Embree supports two acceleration structures that use the four-wide data parallel instructions provided by Intel® Streaming SIMD Extensions 4 (Intel® SSE4). The first is a bounding volume hierarchy with a branching factor of four5. It packs four boxes together in an SSE friendly layout and computes the intersection of a ray with all four of them in parallel. Triangles are treated similarly. The second acceleration structure is a traditional binary bounding volume hierarchy. It also stores the boxes in a special layout in memory and intersects a ray with the near and far planes of two boxes in parallel. This is possible with the fast shuffling operations provided by Intel® SSE4 and a simple arithmetic trick: min(a,b) = -max(-a,-b). This allows us to execute minimum and maximum computations in the same four-wide register by flipping some of the sign bits before and after the computation.
The acceleration structures are carefully optimized to take maximum advantage of the latest Intel® processors. Optimal instruction scheduling, latency minimization, and cache-coherent memory access patterns were important considerations.
Embree provides highly optimized ray tracing kernels that speed photo-realistic rendering on Intel® CPUs by up to 2x. Intel® has released these kernels as open source under the Apache 2.0 license.

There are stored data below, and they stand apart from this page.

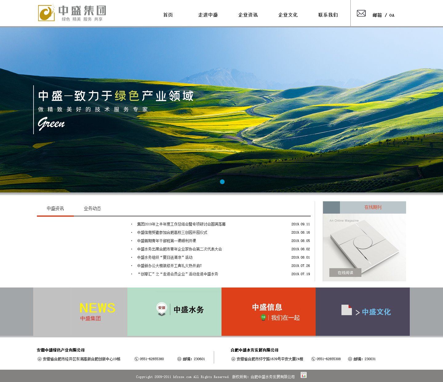 中盛集團(tuán)是一家以綠色、環(huán)保、健康為產(chǎn)業(yè)方向的集團(tuán)公司,業(yè)務(wù)范圍涉及水務(wù)環(huán)保、智能信息化、文化教育、醫(yī)療健康等產(chǎn)業(yè)。集團(tuán)下屬子公司包括合肥中盛水務(wù)發(fā)展有限公司、合肥中盛信息技術(shù)有限公司、安徽中盛文化產(chǎn)業(yè)有限公司等。 合肥中盛水務(wù)發(fā)展有限公司成立于2009年,是一家集“水務(wù)投資、技術(shù)研發(fā)、工藝集成、環(huán)境工程總包”為一體的水務(wù)治理方案供應(yīng)商,業(yè)務(wù)范圍涉及市政污水、工業(yè)廢水、流域綜合治理及污泥處置領(lǐng)域。
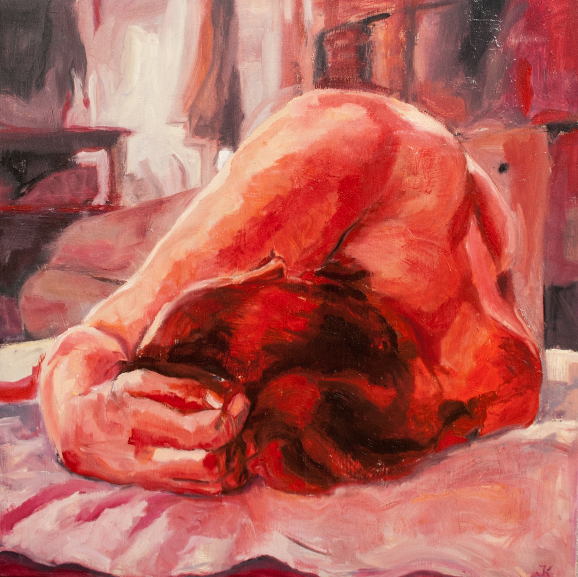 Rood Naakt Model Olieverf Slapend Ongekleed Feeling Safe
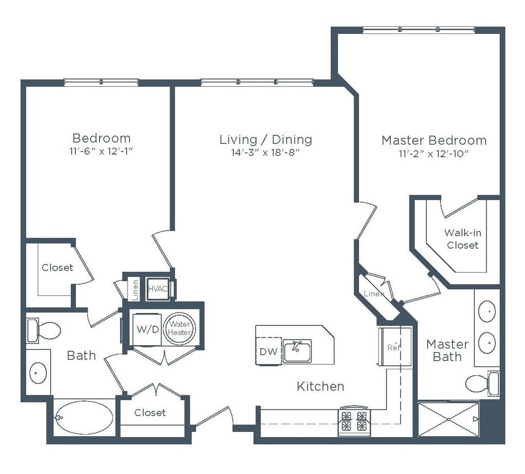 Modelo de apartamento: A2Desde $2,9791 Dormitorio, 1 Baño, 800 sq ftDisponible January 10, 2026![]()
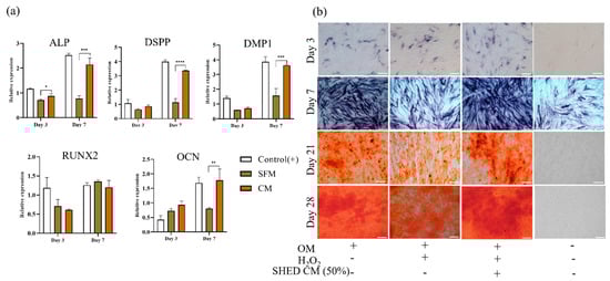 After 24 h of exposure to 25 μm H2O2, DPSCs were cultured in basal media diluted in CM and SFM at a 1:1 ratio and supplemented with an osteogenic inducer for 28 days. All groups (control, CM, and SFM) showed mineralized tissue differentiation capacity through the gene expression of odontoblast and osteoblast markers, ALP activity (ALP staining), and mineral deposition (ARS).
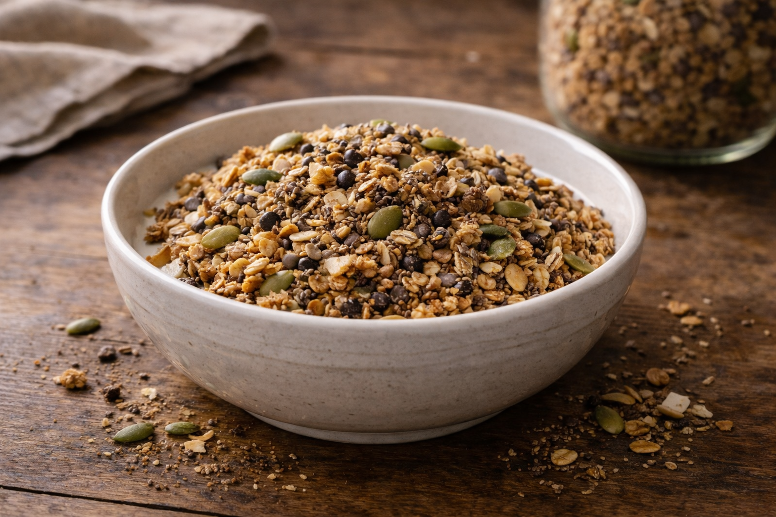 Les graines de citrouille et de tournesol apportent une mâche rassasiante, pendant que le chia agit en silence, prolongeant la satiété sans se faire remarquer. Le sirop d’érable, utilisé avec précision, parfume sans dominer. Résultat : un granola équilibré, réconfortant, qui te suit jusqu’au dîner sans te laisser affamé à dix heures. C’est le genre de déjeuner qui travaille pour toi, pas contre ton portefeuille.
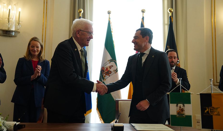 Moreno ha firmado en Stuttgart (Alemania), junto al ministro-presidente del estado federado de Baden-Württemberg, Winfried Kretschmann, la hoja de ruta para el desarrollo del Protocolo de Colaboración entre la Junta de Andalucía y este estado alemán, avanzando así en el acuerdo que ya firmaron en octubre del pasado año y que tiene como objetivo la lucha contra el cambio climático y el desarrollo de las energías verdes.
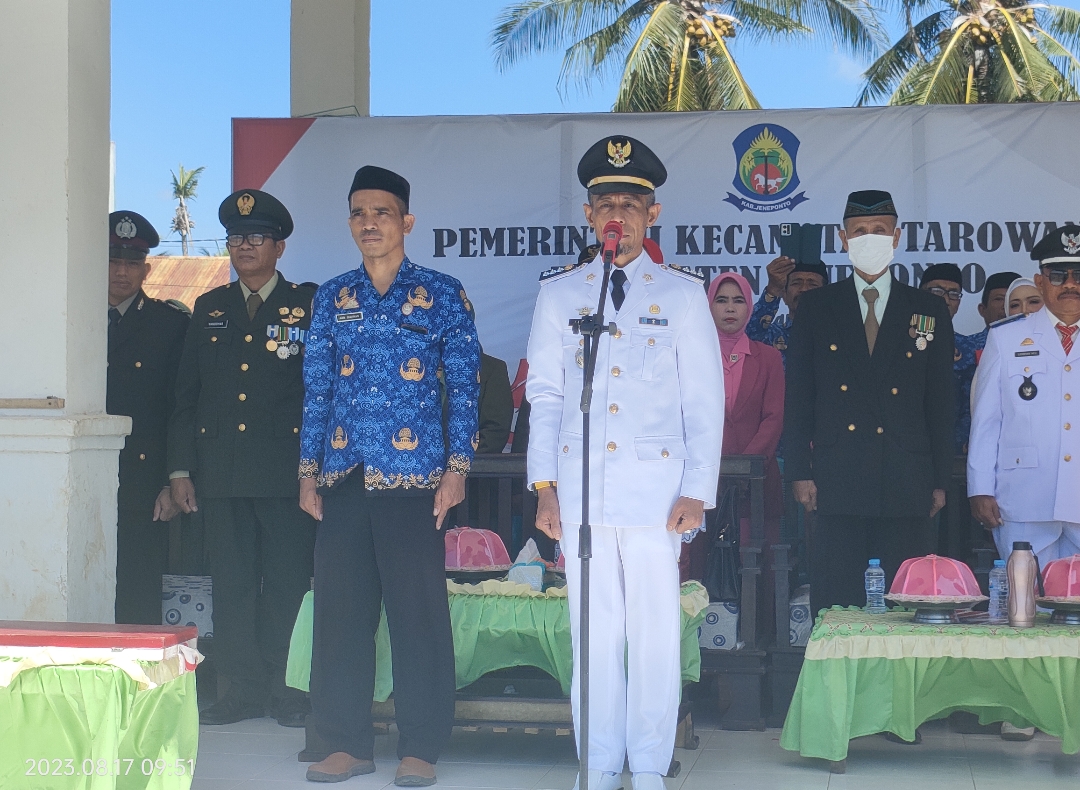 PENJURU. ID | Jeneponto – Peringatan Hari Ulang Tahun Republik Indonesia (HUT RI ke-78 di Kecamatan Tarowang mulai dari pengibaran sangsaka merah putih dilanjutkan rangkaian gerak jalan hingga pada penurunan bendera berlangsung meriah penuh khidmat.

Manfred Ernst is a Research Scientist at Intel Labs, where he is leading the Augmented Reality Lab. His primary research interests are photorealistic rendering, high-performance ray tracing, data compression and scene graph architectures. Before joining Intel in 2009, Manfred co-founded Bytes+Lights, a company that developed software for CAD data preparation and visualization. Manfred received his Diploma in Computer Science and his PhD from the University of Erlangen-Nuremberg in Germany.
Sven Woop is a Research Scientist at Intel Labs. His research interests include Computer Graphics, Parallel Programming, Programming Languages, and Hardware Design. Before joining Intel in summer 2007, he worked on a ray tracing hardware architecture and a shading language for a real-time ray tracing system. Sven received his Diploma in Computer Science and his PhD from Saarland University in Germany.
1 James T. Kajiya: The Rendering Equation. In Proceedings of SIGGRAPH '86, pp. 143-150, (1986).
2 Toshiya Hachisuka and Henrik Wann Jensen: Stochastic Progressive Photon Mapping. In Proceedings of SIGGRAPH Asia 2009, Article 141, (2009).
3 Matt Pharr and Greg Humphreys: Physically Based Rendering: From Theory To Implementation. Morgan Kaufmann, 2nd revised edition, (2010).
4 Robert L. Cook, Thomas Porter, Loren Carpenter: Distributed Ray Tracing. In Proceedings of SIGGRAPH '84, pp. 137-145, (1984).
5 Manfred Ernst and Günther Greiner: Multi Bounding Volume Hierarchies. In Proceedings of the IEEE/EG Symposium on Interactive Ray Tracing 2008, pp. 35-40, (2008).